The amortization amount in the first term is #\euro# #47000#

We have to write off #\euro \, 400000-10000=390000#. This is written off over #15# years. We will name the installment #a#. Since the installment decreases by #\euro \, 3000# each time, we must have:
\[a+(a-3000)+(a-6000)+\cdots+(a-42000)=390000\]
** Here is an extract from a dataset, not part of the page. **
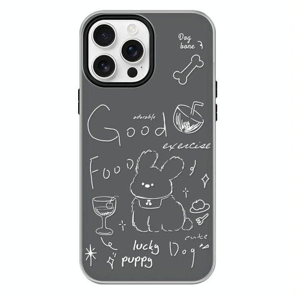 For iPhone 14 Pro Skin Feeling Jelly TPU Hybrid PC Phone Case(Doodle Puppy Black)

On the left hand side of the equation we have the sum of #n=15# terms of an arithmetic sequence with #v=-3000#. Moreover we have #t_1=a# and #t_{15}=a-42000#. According to the sum formula for an arithmetic sequence the left hand side is equal to \[\frac{1}{2} \cdot n \cdot (t_1+t_n)=\frac{1}{2} \cdot 15 \cdot(a+a-42000)=15\cdot a-315000\]
Hence, we have:
\[15\cdot a-315000=390000\]
This is a linear equation with unknown #a#. It can be solved as follows:
\[\begin{array}{rcl}
15\cdot a-315000&=&390000\\
&& \phantom{xxxxx}\color{blue}{\text{the original equation}}\\
15 \cdot a&=&705000\\
&& \phantom{xxxxx}\color{blue}{\text{added } 315000 \text{ to both sides}}\\
a &=& 47000\\
&& \phantom{xxxxx}\color{blue}{\text{both sides divided by }15}\\
\end{array}\]

We conclude that the amortization amount in the first term is #\euro \, 47000#.